### What this task involves
Drop every picture and copy exactly the lines from the one with "Close up of" through the last line of the listing below.

### Extracted entries
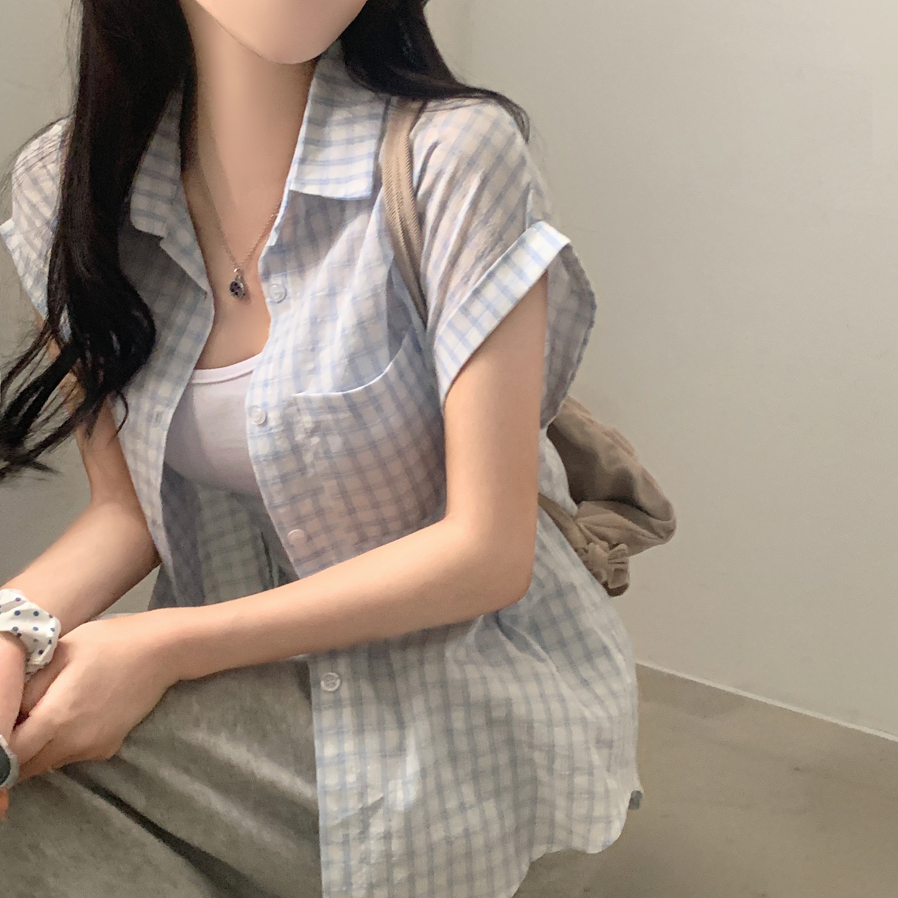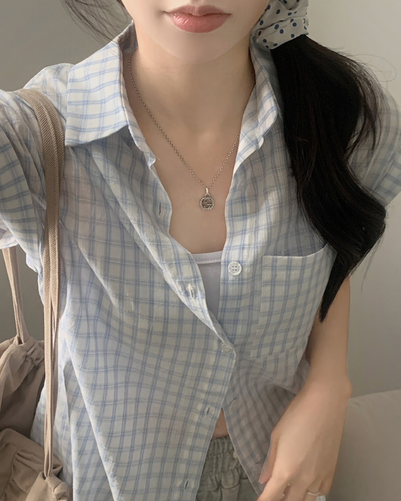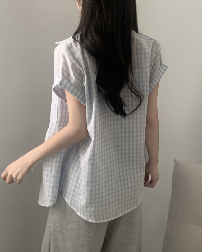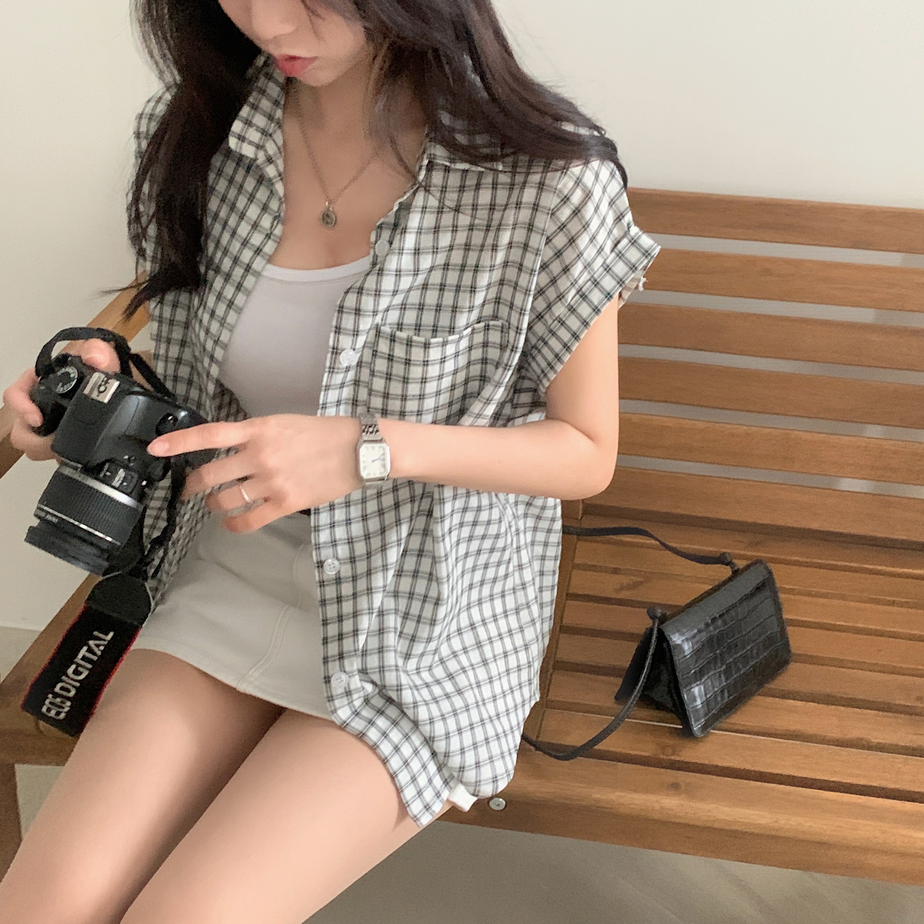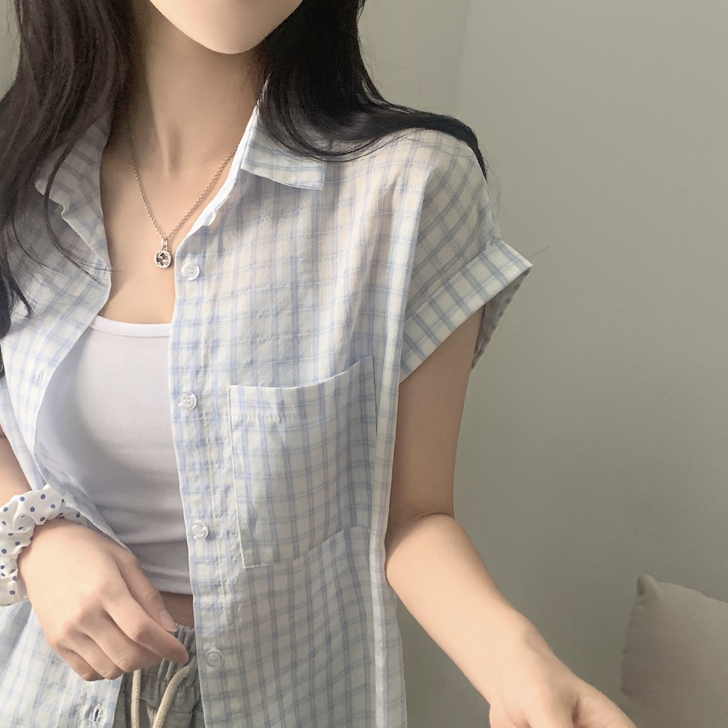 ヴィンテージチェックロールアップ半袖シャツ-3color
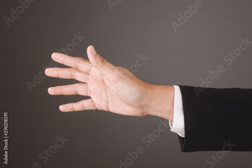 Close up of Asian Male Hand on gray Background in studio Taking With Studio Light. Touch Action.
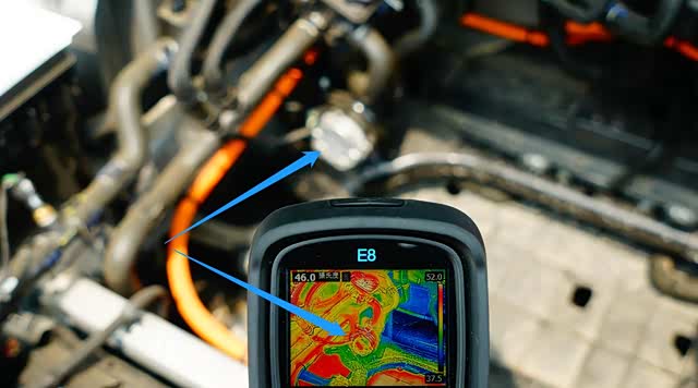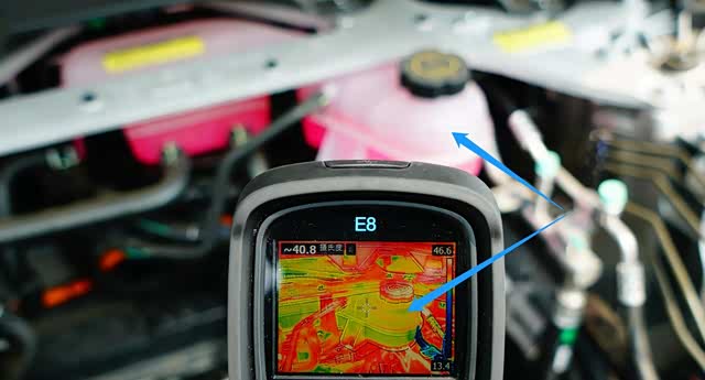 通过热成像仪检测到P7的冷却液补液壶表面温度为40.8摄氏度,综合充电功率和电芯温度(由充电桩显示)以及水冷板控制模块表面温度,动力电池高温散热功能没有激活。
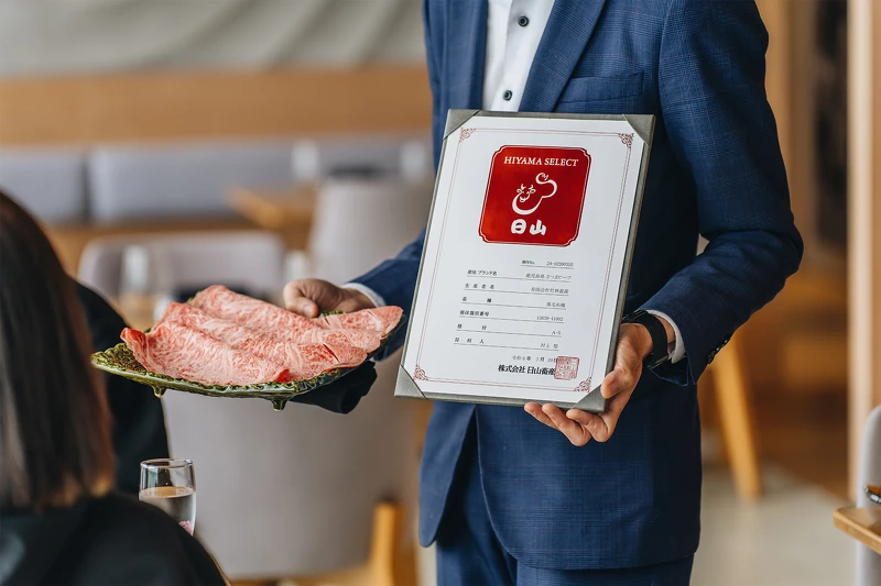 肉品在来到前,还需经过和牛鉴定师,评估每个部位的赤身和脂肪比例、旨味释放方式、脂肪融化的油香与品质,每款肉品的资料皆能在《日山笔记》中查询。日山凭藉着无人能出其右的百年实力,荣获 SQF 食品安全品质认证中最高等级,展现对肉品食材的最高敬意。今已传承到第四代,社长村上宗郎不仅进行收购牧场计画,以自家调配饲料育肥契作牛只,更着手与学者共同钻研,探究美味牛肉的完美脂肪比例。
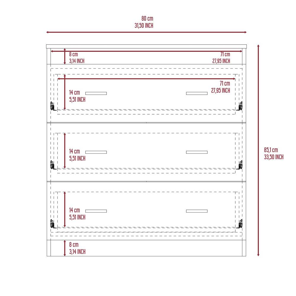 Cómoda Georgia Wengue 80x85.1cm De Tres Hileras con Tres Cajones
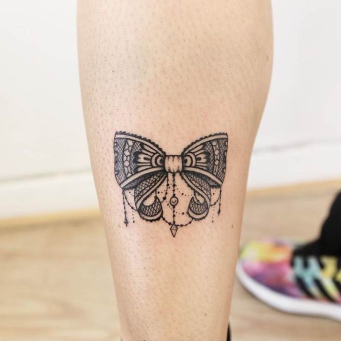 Tattoo bows on the legs on the back emphasize the feminine shape of the figure and attract men. This fact will undoubtedly please single ladies who are in search of the other half. Below you can see photos of work from masters around the world.
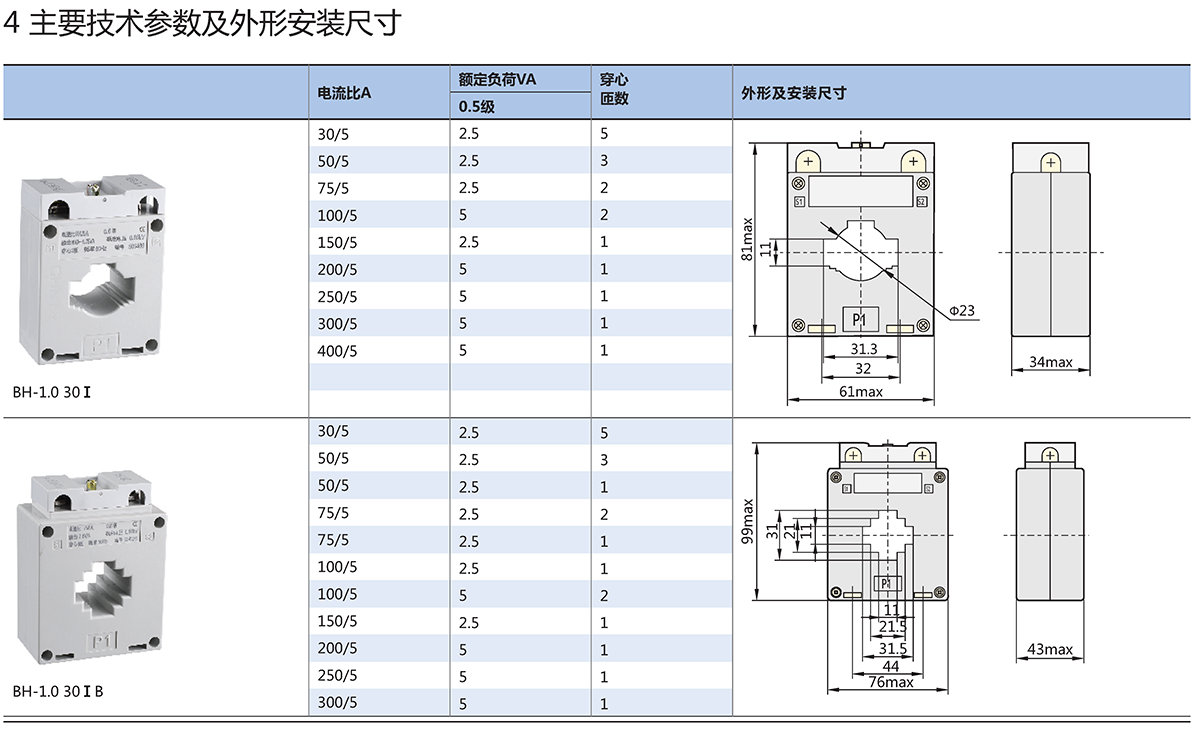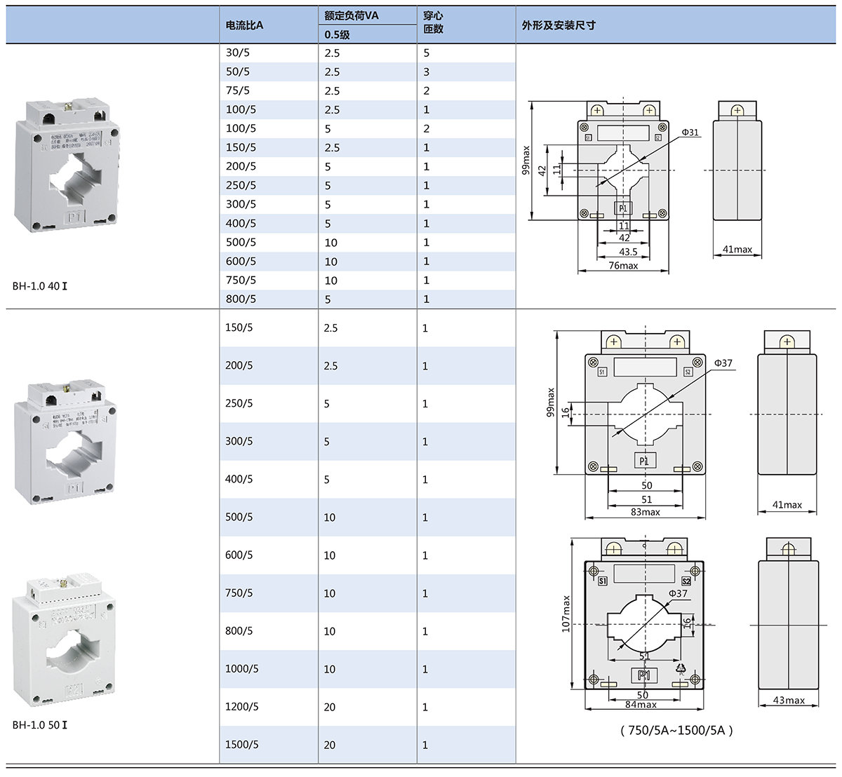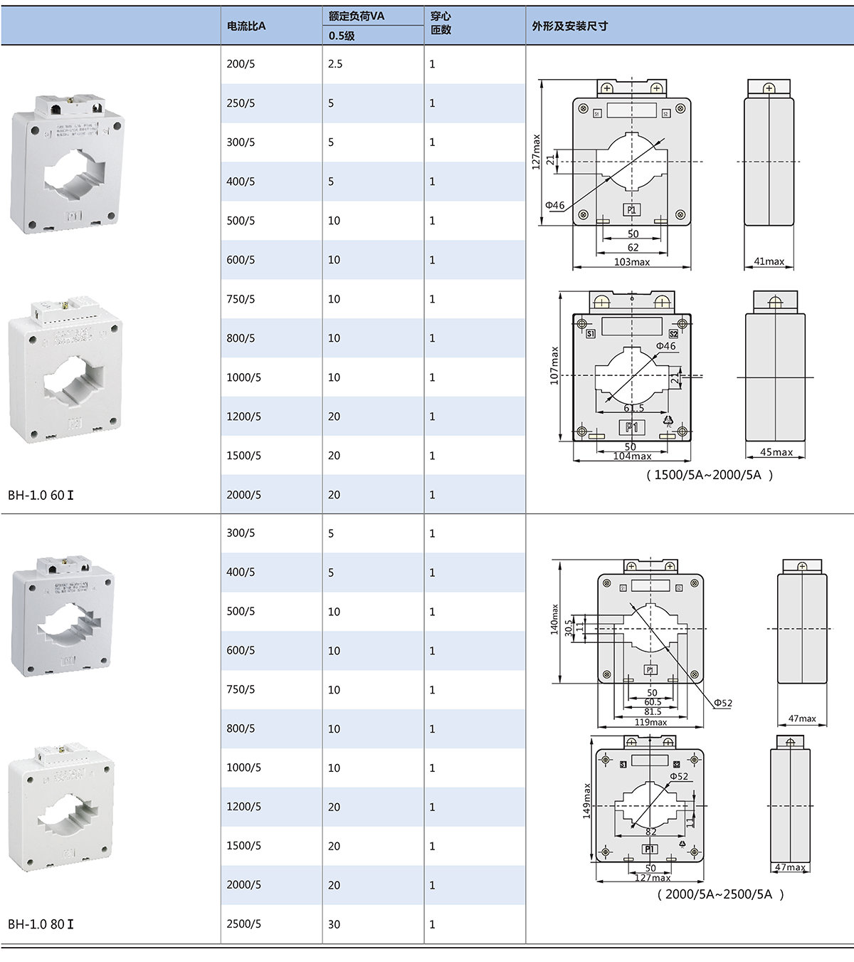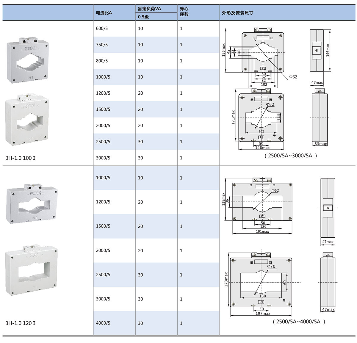 BH-1.0 型电流互感器主要用于户内,供额定电压为1.0kV及以下,额定频率为50Hz的交流电路中作为电流、电能测量或继电保护用。产品为塑壳式电流互感器,广泛应用于成套柜体,其安装方法可采用母排固定和底板固定安装方法,适合水平或垂直安装,一次导线可为母排或电缆。
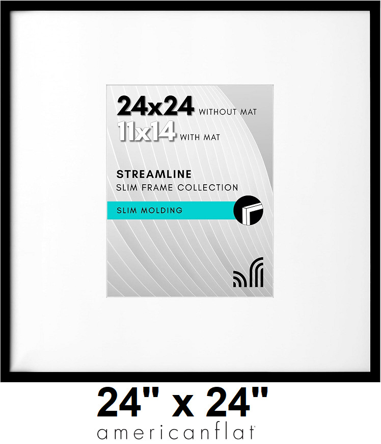 Americanflat square Picture photo Frame with Polished Plexiglass and thin border - 24" x 24" - black
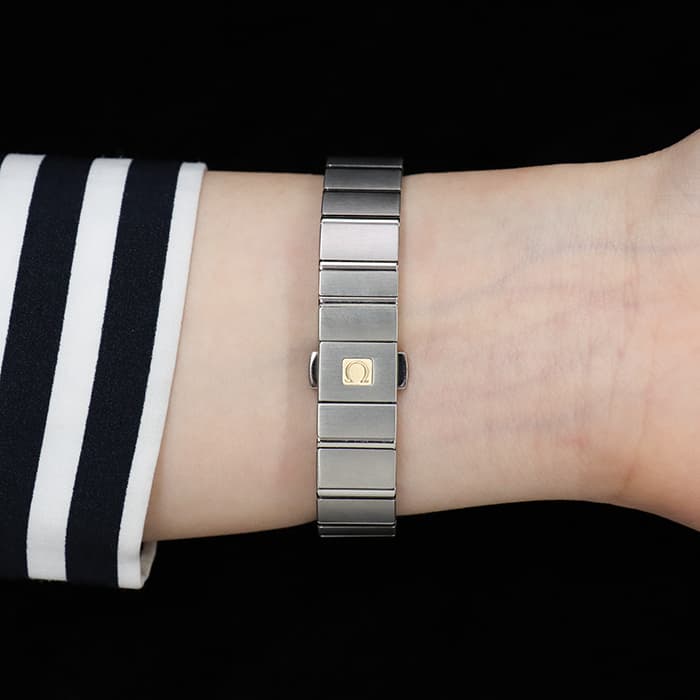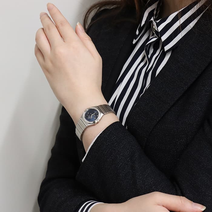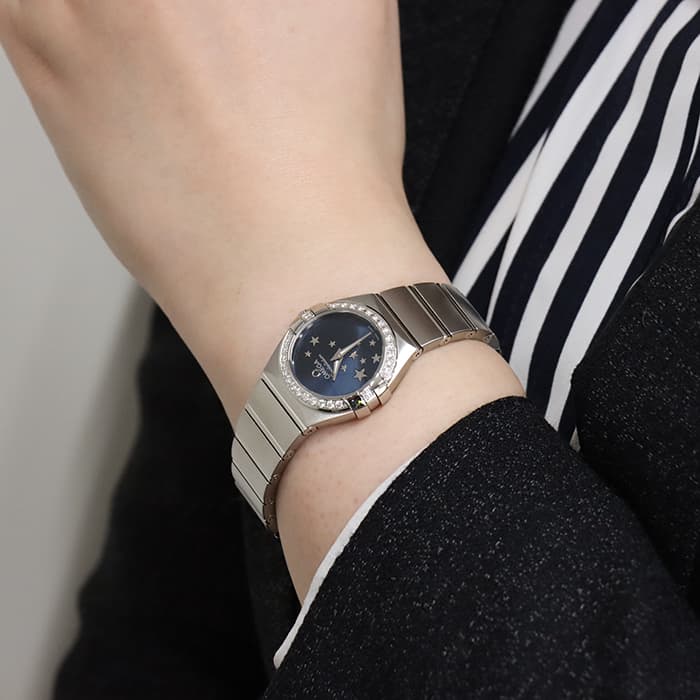 美しいステンレス製ケース&ブレスレットに、夜空を思わせる深いブルーの文字盤の組み合わせが、落ち着いた雰囲気を醸し出しています。こちらは、星座を意味するコンステレーションのモデル名にふさわしく、サンブラッシュ仕上げが施された文字盤にはホワイトゴールド製の星が10個ちりばめられ、きらめく星空をイメージさせる可愛らしいデザインに仕上がっています。

### Answer to this task
 Close up of Asian Male Hand on gray Background in studio Taking With Studio Light. Touch Action.
 通过热成像仪检测到P7的冷却液补液壶表面温度为40.8摄氏度,综合充电功率和电芯温度(由充电桩显示)以及水冷板控制模块表面温度,动力电池高温散热功能没有激活。
 肉品在来到前,还需经过和牛鉴定师,评估每个部位的赤身和脂肪比例、旨味释放方式、脂肪融化的油香与品质,每款肉品的资料皆能在《日山笔记》中查询。日山凭藉着无人能出其右的百年实力,荣获 SQF 食品安全品质认证中最高等级,展现对肉品食材的最高敬意。今已传承到第四代,社长村上宗郎不仅进行收购牧场计画,以自家调配饲料育肥契作牛只,更着手与学者共同钻研,探究美味牛肉的完美脂肪比例。
 Cómoda Georgia Wengue 80x85.1cm De Tres Hileras con Tres Cajones
 Tattoo bows on the legs on the back emphasize the feminine shape of the figure and attract men. This fact will undoubtedly please single ladies who are in search of the other half. Below you can see photos of work from masters around the world.
 BH-1.0 型电流互感器主要用于户内,供额定电压为1.0kV及以下,额定频率为50Hz的交流电路中作为电流、电能测量或继电保护用。产品为塑壳式电流互感器,广泛应用于成套柜体,其安装方法可采用母排固定和底板固定安装方法,适合水平或垂直安装,一次导线可为母排或电缆。
 Americanflat square Picture photo Frame with Polished Plexiglass and thin border - 24" x 24" - black
 美しいステンレス製ケース&ブレスレットに、夜空を思わせる深いブルーの文字盤の組み合わせが、落ち着いた雰囲気を醸し出しています。こちらは、星座を意味するコンステレーションのモデル名にふさわしく、サンブラッシュ仕上げが施された文字盤にはホワイトゴールド製の星が10個ちりばめられ、きらめく星空をイメージさせる可愛らしいデザインに仕上がっています。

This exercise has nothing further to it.